**STORED DATA**
'''
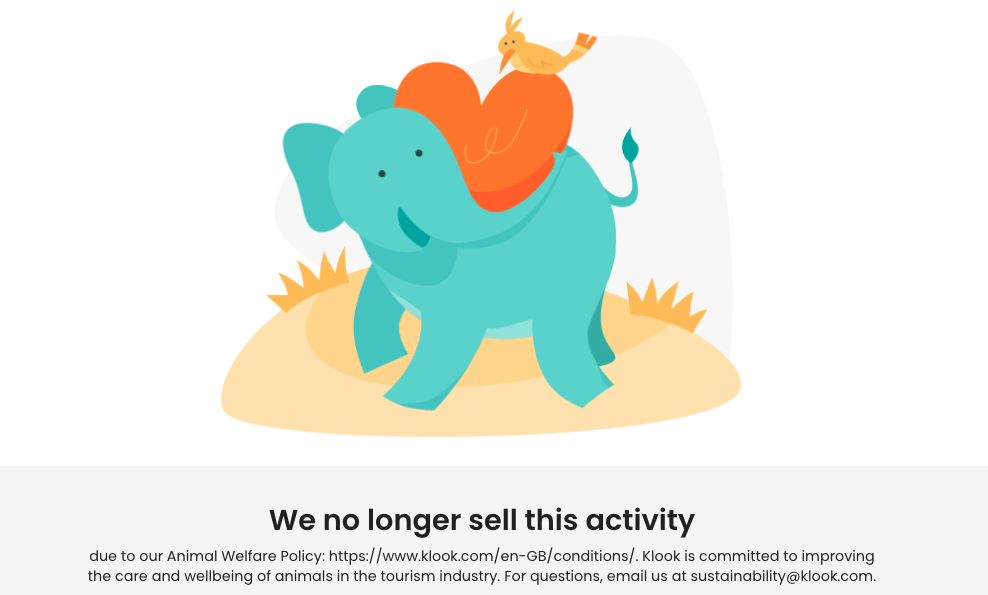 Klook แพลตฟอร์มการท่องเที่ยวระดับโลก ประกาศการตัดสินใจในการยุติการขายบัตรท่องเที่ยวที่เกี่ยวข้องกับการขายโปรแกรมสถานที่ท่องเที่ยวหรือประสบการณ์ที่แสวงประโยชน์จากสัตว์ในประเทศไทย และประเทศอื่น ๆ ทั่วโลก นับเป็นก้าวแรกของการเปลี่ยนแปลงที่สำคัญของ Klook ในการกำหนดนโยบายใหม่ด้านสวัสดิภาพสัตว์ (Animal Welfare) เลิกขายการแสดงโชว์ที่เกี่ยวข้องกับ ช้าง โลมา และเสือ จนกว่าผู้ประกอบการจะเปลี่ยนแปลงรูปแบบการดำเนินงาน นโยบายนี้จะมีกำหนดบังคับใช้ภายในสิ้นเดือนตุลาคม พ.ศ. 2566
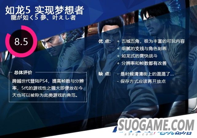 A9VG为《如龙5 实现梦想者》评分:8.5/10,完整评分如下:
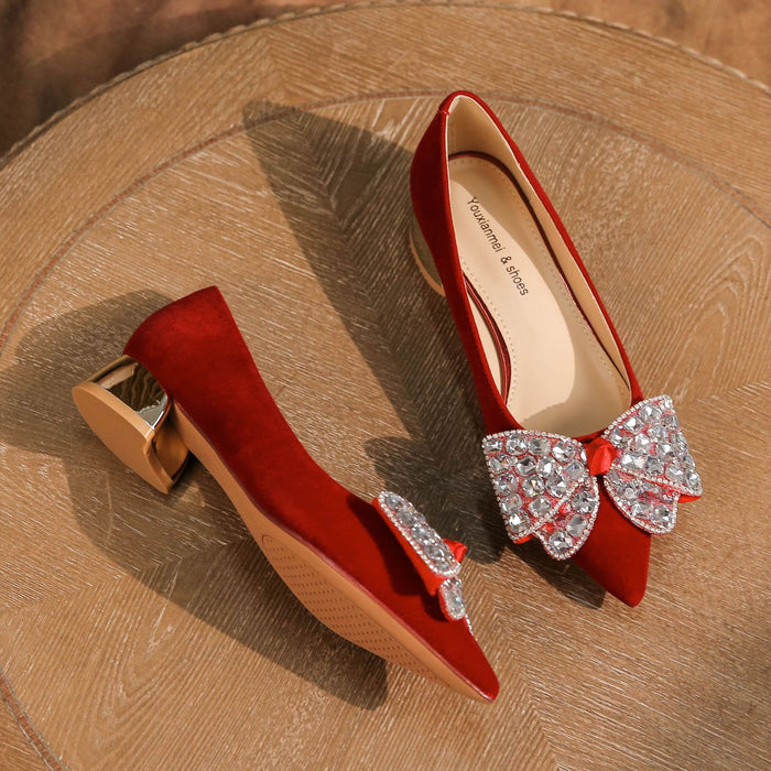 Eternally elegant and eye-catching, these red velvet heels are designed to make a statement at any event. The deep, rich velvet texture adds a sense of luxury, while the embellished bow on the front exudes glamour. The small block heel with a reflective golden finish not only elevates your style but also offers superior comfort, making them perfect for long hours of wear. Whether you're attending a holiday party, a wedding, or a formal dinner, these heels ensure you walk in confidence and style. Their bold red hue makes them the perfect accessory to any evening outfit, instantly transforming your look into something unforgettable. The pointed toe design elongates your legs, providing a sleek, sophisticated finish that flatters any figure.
'''
**INSTRUCTIONS FOR THE TASK**
Your task is to set down each line above verbatim while excluding the pictures.

**SOLUTION TO THIS TASK**
 Klook แพลตฟอร์มการท่องเที่ยวระดับโลก ประกาศการตัดสินใจในการยุติการขายบัตรท่องเที่ยวที่เกี่ยวข้องกับการขายโปรแกรมสถานที่ท่องเที่ยวหรือประสบการณ์ที่แสวงประโยชน์จากสัตว์ในประเทศไทย และประเทศอื่น ๆ ทั่วโลก นับเป็นก้าวแรกของการเปลี่ยนแปลงที่สำคัญของ Klook ในการกำหนดนโยบายใหม่ด้านสวัสดิภาพสัตว์ (Animal Welfare) เลิกขายการแสดงโชว์ที่เกี่ยวข้องกับ ช้าง โลมา และเสือ จนกว่าผู้ประกอบการจะเปลี่ยนแปลงรูปแบบการดำเนินงาน นโยบายนี้จะมีกำหนดบังคับใช้ภายในสิ้นเดือนตุลาคม พ.ศ. 2566
 A9VG为《如龙5 实现梦想者》评分:8.5/10,完整评分如下:
 Eternally elegant and eye-catching, these red velvet heels are designed to make a statement at any event. The deep, rich velvet texture adds a sense of luxury, while the embellished bow on the front exudes glamour. The small block heel with a reflective golden finish not only elevates your style but also offers superior comfort, making them perfect for long hours of wear. Whether you're attending a holiday party, a wedding, or a formal dinner, these heels ensure you walk in confidence and style. Their bold red hue makes them the perfect accessory to any evening outfit, instantly transforming your look into something unforgettable. The pointed toe design elongates your legs, providing a sleek, sophisticated finish that flatters any figure.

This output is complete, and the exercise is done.